Exercise data below:

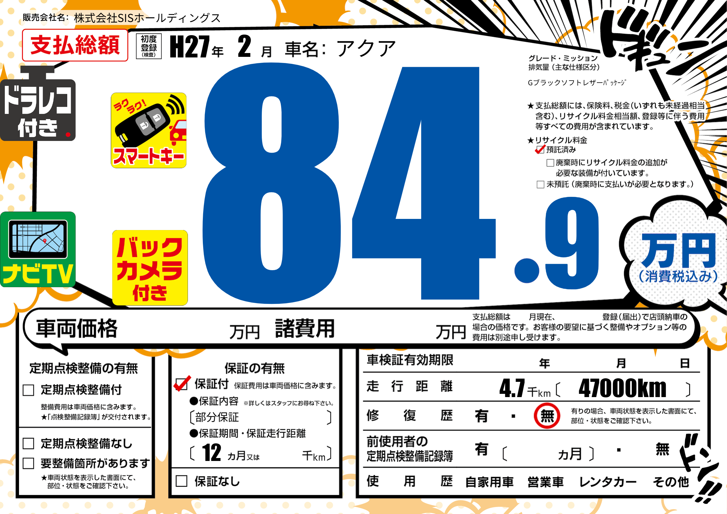 | 走行キロ | 0.4万km | 初年度登録 | H27年2月 |
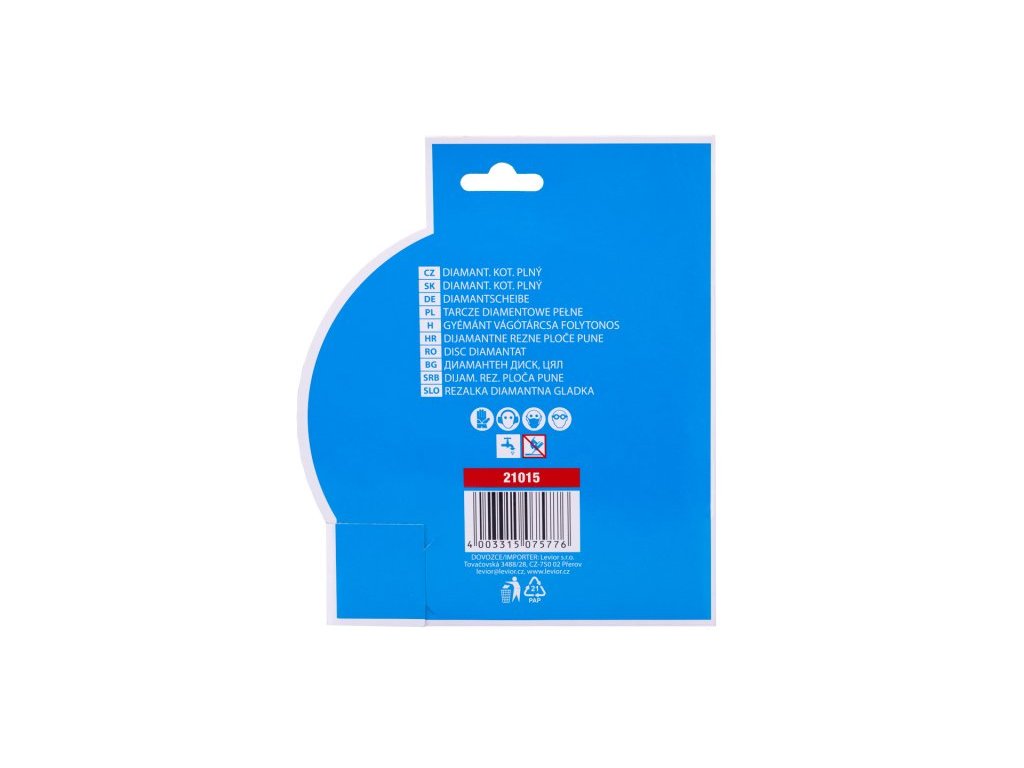 Diamantový kotouč DIAMANT, provedení : PLNÝ - celoobvodový, kvalitní diamantová vrstva s vysokým obsahem diamantového prachu, přesné zpracování - napojení na nosný disk kotouče odolávající vysokým teplotám, použití : určený pro mokré i suché řezání dlažby a obkladů, betonu, cihel, zdiva, žuly, mramoru, kamene, skla, keramiky, balení : blistr s eurootvorem, přiložen redukční kroužek z 22,2 na 20 mm, rozměry : uvedeny v názvu výrobku.Doplňkové parametry
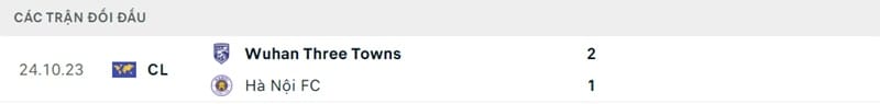 Thành tích đối đầu Hà Nội vs Wuhan Three Towns:
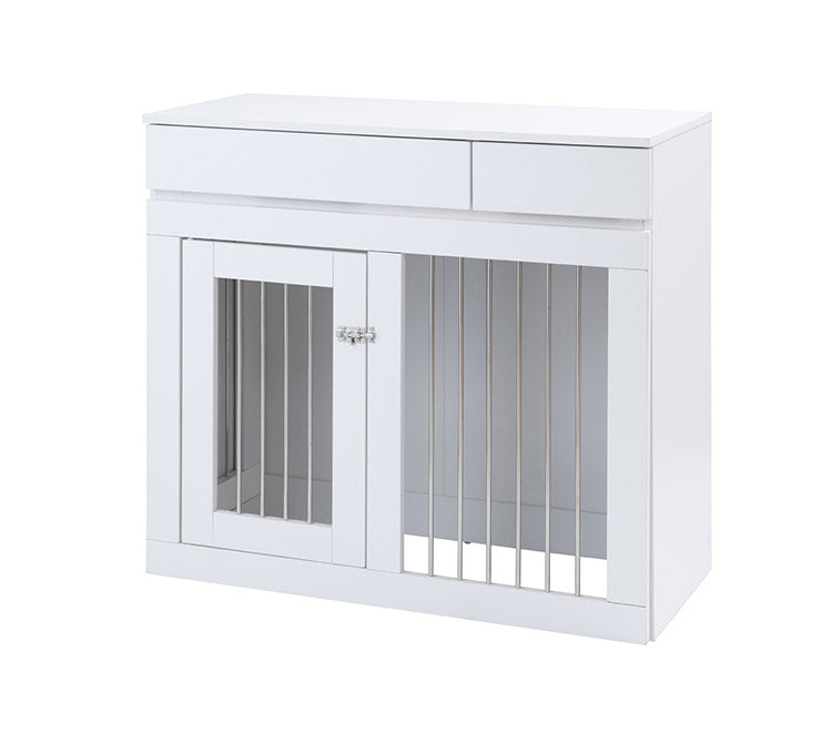 WHITE LIV 幅90 奥行40 高さ80 収納付きスライド収納型ケージ ホワイト フレンチシャビー ペットケージ ペットサークル 省スペース 小型犬 中型犬 室内サークル スライド 背面化粧 犬 ペット用品(代引不可)
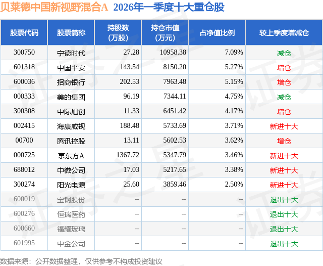 从基金规模来看,贝莱德中国新视野混合A基金2026年一季度公布的基金规模为13.42亿元,较上一期规模20.17亿元变化了-6.75亿元,环比变化了-33.49%。该基金最新一期资产配置为:股票占净值比84.13%,债券占净值比10.75%,现金占净值比5.38%。从基金持仓来看,该基金当季前十大股票仓位达43.1%,第一大重仓股为宁德时代(300750),持仓占比为7.09%。

End of Exercise data.

§ Task requirements:
Copy out the records exactly; the pictures stay behind.

§ Answer to this exercise:
 | 走行キロ | 0.4万km | 初年度登録 | H27年2月 |
 Diamantový kotouč DIAMANT, provedení : PLNÝ - celoobvodový, kvalitní diamantová vrstva s vysokým obsahem diamantového prachu, přesné zpracování - napojení na nosný disk kotouče odolávající vysokým teplotám, použití : určený pro mokré i suché řezání dlažby a obkladů, betonu, cihel, zdiva, žuly, mramoru, kamene, skla, keramiky, balení : blistr s eurootvorem, přiložen redukční kroužek z 22,2 na 20 mm, rozměry : uvedeny v názvu výrobku.Doplňkové parametry
 Thành tích đối đầu Hà Nội vs Wuhan Three Towns:
 WHITE LIV 幅90 奥行40 高さ80 収納付きスライド収納型ケージ ホワイト フレンチシャビー ペットケージ ペットサークル 省スペース 小型犬 中型犬 室内サークル スライド 背面化粧 犬 ペット用品(代引不可)
 从基金规模来看,贝莱德中国新视野混合A基金2026年一季度公布的基金规模为13.42亿元,较上一期规模20.17亿元变化了-6.75亿元,环比变化了-33.49%。该基金最新一期资产配置为:股票占净值比84.13%,债券占净值比10.75%,现金占净值比5.38%。从基金持仓来看,该基金当季前十大股票仓位达43.1%,第一大重仓股为宁德时代(300750),持仓占比为7.09%。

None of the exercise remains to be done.